• **Excerpted data**:
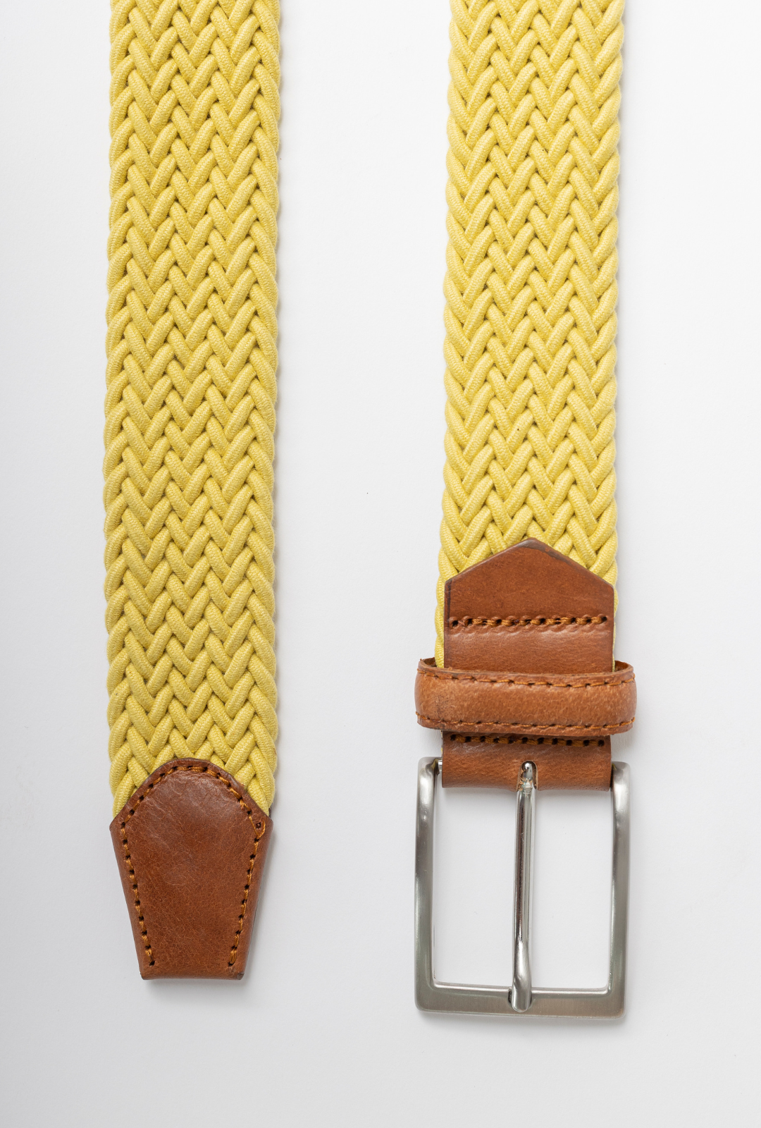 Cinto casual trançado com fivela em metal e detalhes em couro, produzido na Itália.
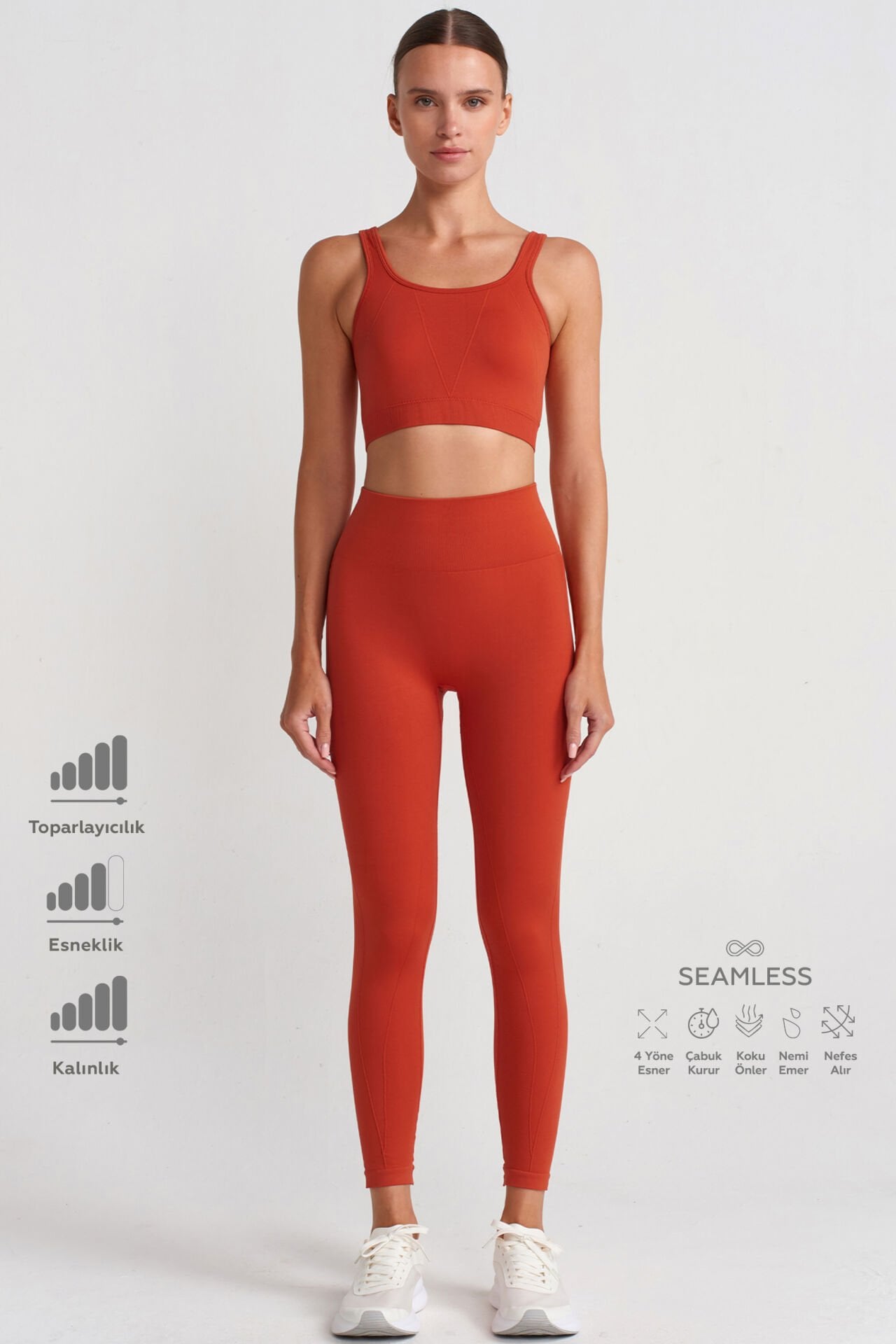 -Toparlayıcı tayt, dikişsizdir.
--
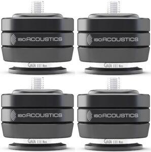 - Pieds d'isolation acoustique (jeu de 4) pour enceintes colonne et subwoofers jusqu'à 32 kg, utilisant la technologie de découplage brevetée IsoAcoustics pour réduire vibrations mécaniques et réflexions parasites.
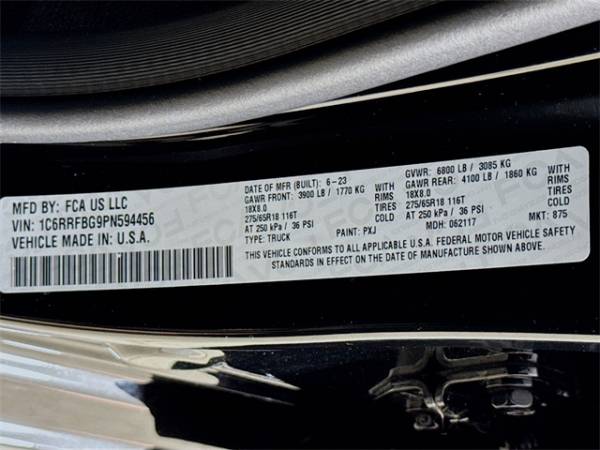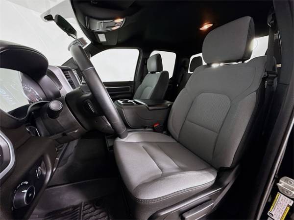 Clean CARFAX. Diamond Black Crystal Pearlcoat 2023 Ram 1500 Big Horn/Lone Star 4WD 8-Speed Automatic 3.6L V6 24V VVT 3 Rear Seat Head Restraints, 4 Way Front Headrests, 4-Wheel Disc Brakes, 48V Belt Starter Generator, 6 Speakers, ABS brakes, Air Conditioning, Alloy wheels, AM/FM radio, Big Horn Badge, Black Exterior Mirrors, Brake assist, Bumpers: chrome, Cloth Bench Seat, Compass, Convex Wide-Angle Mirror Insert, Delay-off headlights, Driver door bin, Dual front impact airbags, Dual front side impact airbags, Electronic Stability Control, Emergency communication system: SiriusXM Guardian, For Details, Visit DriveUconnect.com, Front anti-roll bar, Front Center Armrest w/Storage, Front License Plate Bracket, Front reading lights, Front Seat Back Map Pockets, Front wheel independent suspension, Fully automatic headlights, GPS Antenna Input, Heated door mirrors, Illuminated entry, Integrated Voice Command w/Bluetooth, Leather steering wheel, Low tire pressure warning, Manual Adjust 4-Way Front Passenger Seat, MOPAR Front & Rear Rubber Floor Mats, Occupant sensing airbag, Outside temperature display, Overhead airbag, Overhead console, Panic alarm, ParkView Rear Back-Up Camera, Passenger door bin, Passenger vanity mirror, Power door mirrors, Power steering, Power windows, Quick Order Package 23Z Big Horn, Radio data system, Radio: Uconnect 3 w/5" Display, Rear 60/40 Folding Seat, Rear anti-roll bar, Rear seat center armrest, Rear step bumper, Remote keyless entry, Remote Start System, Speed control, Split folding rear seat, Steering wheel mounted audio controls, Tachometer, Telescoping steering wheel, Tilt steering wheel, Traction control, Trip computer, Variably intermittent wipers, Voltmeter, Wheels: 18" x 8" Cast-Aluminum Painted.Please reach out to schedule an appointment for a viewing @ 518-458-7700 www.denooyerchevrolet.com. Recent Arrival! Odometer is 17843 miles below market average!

• **Your task**: For the entries above, print exactly the lines between the one with "Cinto casual trançado" and the one with "-Toparlayıcı tayt, dikişsizdir.", inclusive, with no pictures.

• **Response**:
 Cinto casual trançado com fivela em metal e detalhes em couro, produzido na Itália.
 -Toparlayıcı tayt, dikişsizdir.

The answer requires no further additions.